* [TRY IT]
Exclude any images and output the remaining records exactly.

* [DATA LISTING]
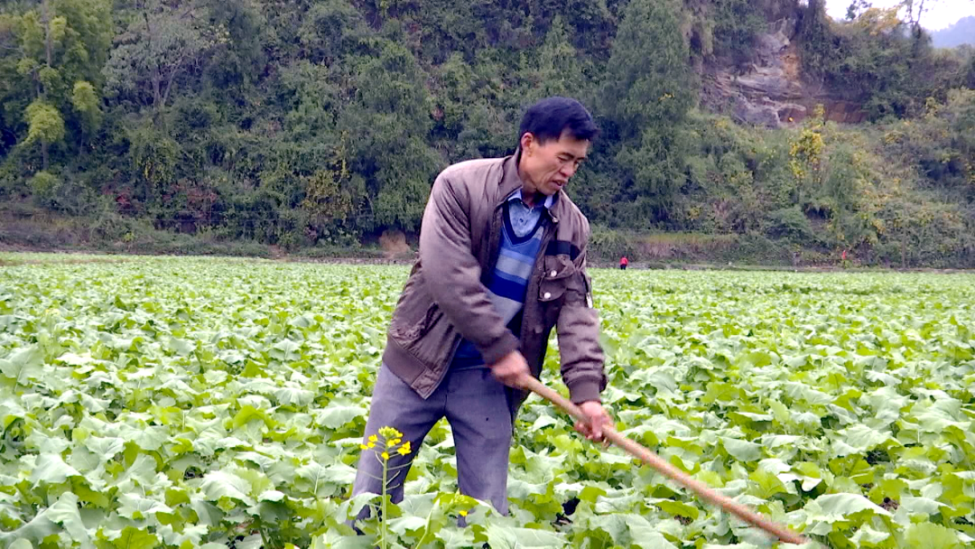 土溪镇大连村村民冉德华说:“往年都是春季种一季水稻,冬季种油菜很少,人都在家里面。今年这一片全部栽上了油菜,目前我们都在忙着培土、除草。而且油菜种植出来销路不愁,在我们当地就可以把它销了。”
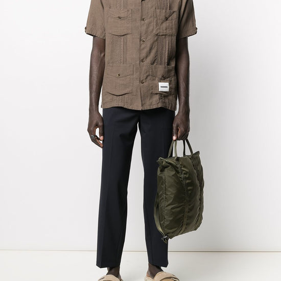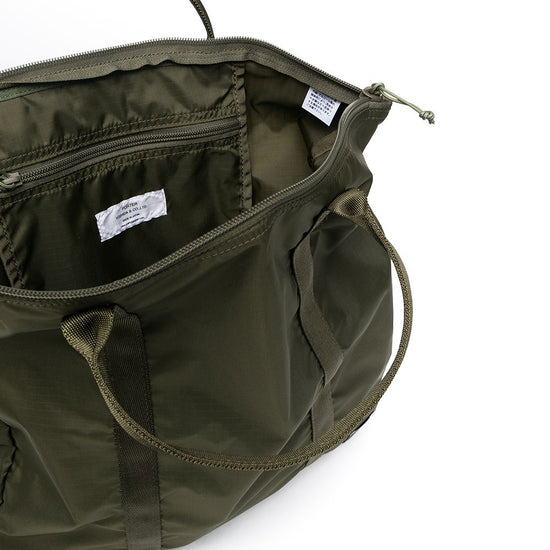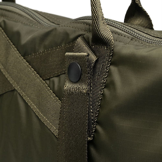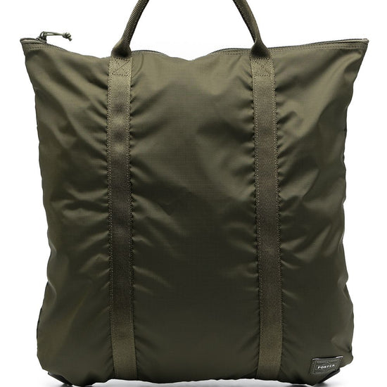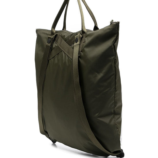Olive green logo patch to the side two top handles top zip fastening crossover strap detail detachable shoulder straps internal zip-fastening pocket main compartment flex 2way nylon tote bag
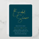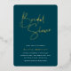 Invite guests to celebrate the bride to be with these modern and minimal bridal shower invitations. Simple design features "bridal shower" in gold foil handwritten script, with your event details beneath on a rich dark jasper green background.
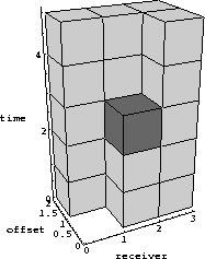 The data are sorted so the recorded traces and the traces to be interpolated are arranged in the input cube in a checkerboard pattern. In the case of missing shots (or dual-source marine geometry), this corresponds to a cube with time, receiver location, and offset coordinates. For comparison with the filter shapes, the input cube is represented by Figure dataPic, with the shaded squares corresponding to empty trace bins. The checkerboard arrangement has the intuitively pleasing quality that every missing trace is surrounded on four sides by a recorded trace. It also poses the problem that there is no densely sampled patch for estimating a filter such as the one in Figure notExpandedAltBW. Any regression equations that have zeroes in them should be dropped. For the filter shown in Figure notExpandedAltBW, this eliminates all the regression equations. To make the filter estimation work, we scale all the axes of the filter by two. This gives the expanded filter shown in Figure expandedAltBW. Convolved across a checkerboard of present and missing data, this filter alternately hits exclusively filled and exclusively empty bins. Because all the axes are scaled equally, the expanded and compressed filters are self-similar and have the same dip information Claerbout (1992).
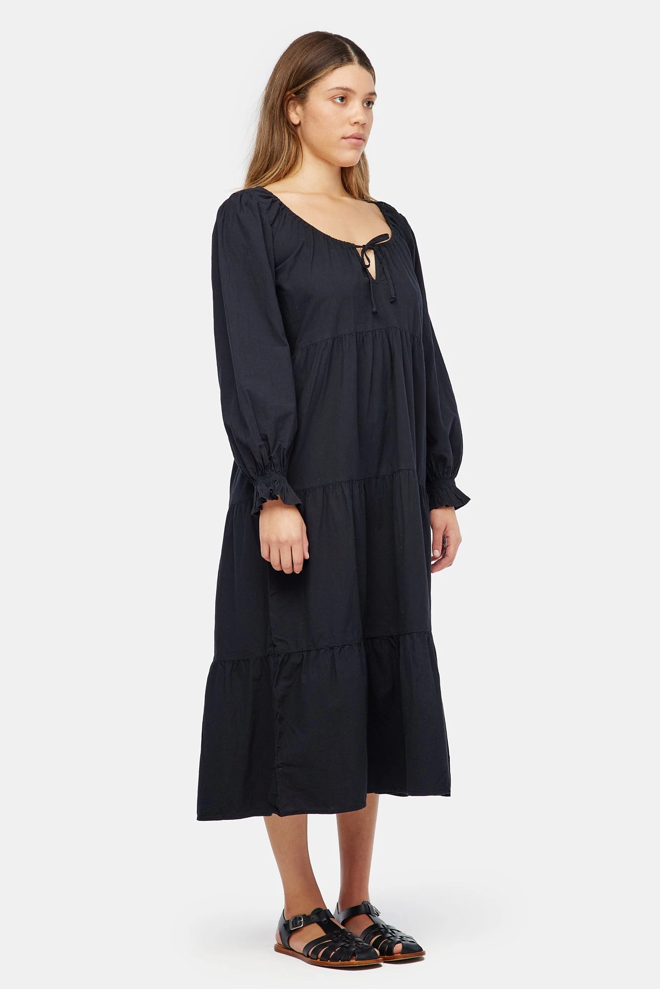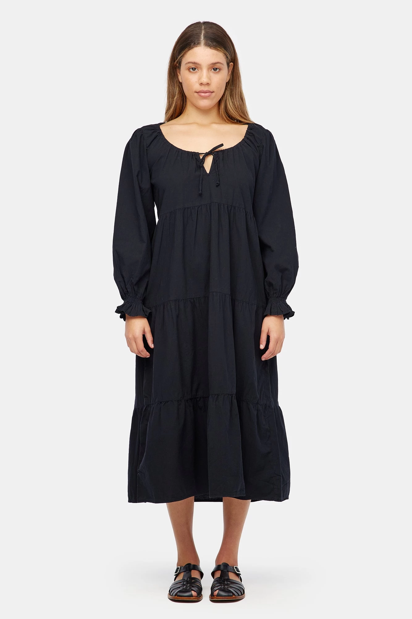 The everyday dress of your dreams has arrived. This wardrobe essential features voluminous tiers, puffed sleeves and an adjustable tie at the delicate keyhole neckline. The perfect piece to throw on and go. Made from our best selling crinkled cotton and garment dyed, giving it a super soft hand feel.
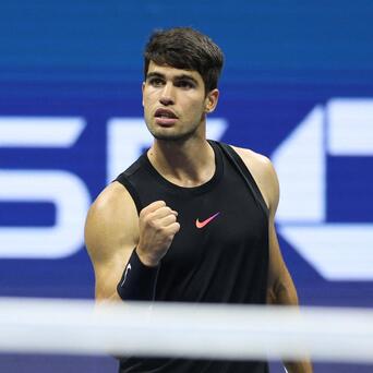 #美网2024# 男单首轮,前赛会冠军阿尔卡拉斯以6-2/4-6/6-3/6-1击败涂辰立,豪取大满贯15连胜,次轮将战范德尚舒普;
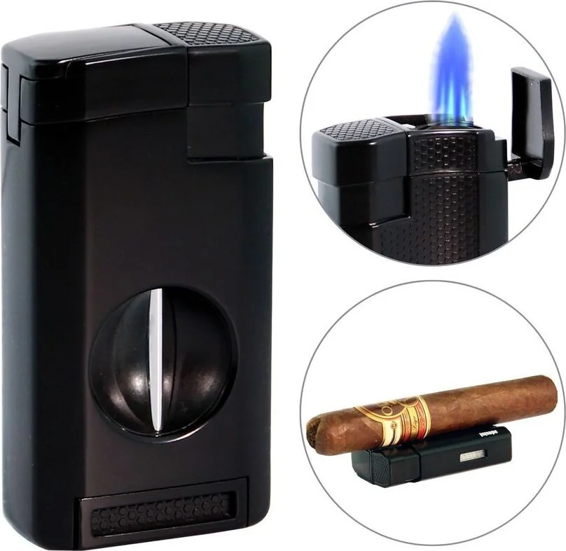 V-컷 기능(노치 컷이라고도 함)이 있는 풀아웃 시가 커터가 라이터에 통합되어 있습니다. 이 기능을 사용하면 모든 시가 형식을 손쉽게 절단할 수 있으며 라이터를 다기능 동반자로 만들 수 있습니다.
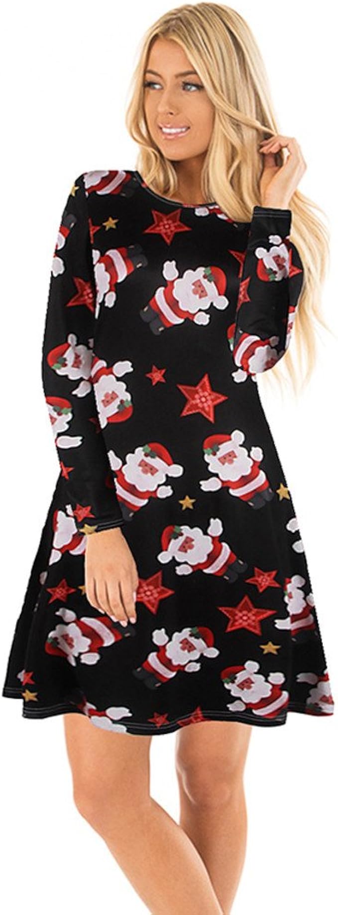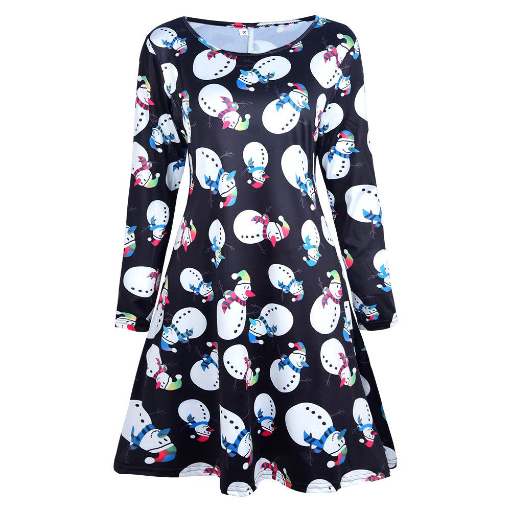 Qixuan Frauen Weihnachten Langarm A Line Kleid Gedruckt Party Ausgestelltes Swing Kleid Schwarz S
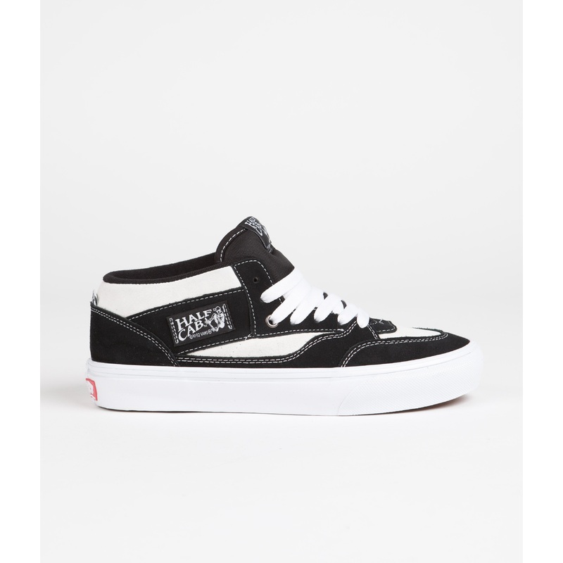 DescriptionVans Skate Half Cab '92 ShoesVans Skate Half Cab '92 Shoes in Black and Marshmallow. Seen here in a monochrome colourway with mixed material suede and textile uppers, this Vans Skate Half Cab 92 arrives as part of the brands on-going Skate Class

* [EXERCISE RESPONSE]
 土溪镇大连村村民冉德华说:“往年都是春季种一季水稻,冬季种油菜很少,人都在家里面。今年这一片全部栽上了油菜,目前我们都在忙着培土、除草。而且油菜种植出来销路不愁,在我们当地就可以把它销了。”
Olive green logo patch to the side two top handles top zip fastening crossover strap detail detachable shoulder straps internal zip-fastening pocket main compartment flex 2way nylon tote bag
 Invite guests to celebrate the bride to be with these modern and minimal bridal shower invitations. Simple design features "bridal shower" in gold foil handwritten script, with your event details beneath on a rich dark jasper green background.
 The data are sorted so the recorded traces and the traces to be interpolated are arranged in the input cube in a checkerboard pattern. In the case of missing shots (or dual-source marine geometry), this corresponds to a cube with time, receiver location, and offset coordinates. For comparison with the filter shapes, the input cube is represented by Figure dataPic, with the shaded squares corresponding to empty trace bins. The checkerboard arrangement has the intuitively pleasing quality that every missing trace is surrounded on four sides by a recorded trace. It also poses the problem that there is no densely sampled patch for estimating a filter such as the one in Figure notExpandedAltBW. Any regression equations that have zeroes in them should be dropped. For the filter shown in Figure notExpandedAltBW, this eliminates all the regression equations. To make the filter estimation work, we scale all the axes of the filter by two. This gives the expanded filter shown in Figure expandedAltBW. Convolved across a checkerboard of present and missing data, this filter alternately hits exclusively filled and exclusively empty bins. Because all the axes are scaled equally, the expanded and compressed filters are self-similar and have the same dip information Claerbout (1992).
 The everyday dress of your dreams has arrived. This wardrobe essential features voluminous tiers, puffed sleeves and an adjustable tie at the delicate keyhole neckline. The perfect piece to throw on and go. Made from our best selling crinkled cotton and garment dyed, giving it a super soft hand feel.
 #美网2024# 男单首轮,前赛会冠军阿尔卡拉斯以6-2/4-6/6-3/6-1击败涂辰立,豪取大满贯15连胜,次轮将战范德尚舒普;
 V-컷 기능(노치 컷이라고도 함)이 있는 풀아웃 시가 커터가 라이터에 통합되어 있습니다. 이 기능을 사용하면 모든 시가 형식을 손쉽게 절단할 수 있으며 라이터를 다기능 동반자로 만들 수 있습니다.
 Qixuan Frauen Weihnachten Langarm A Line Kleid Gedruckt Party Ausgestelltes Swing Kleid Schwarz S
 DescriptionVans Skate Half Cab '92 ShoesVans Skate Half Cab '92 Shoes in Black and Marshmallow. Seen here in a monochrome colourway with mixed material suede and textile uppers, this Vans Skate Half Cab 92 arrives as part of the brands on-going Skate Class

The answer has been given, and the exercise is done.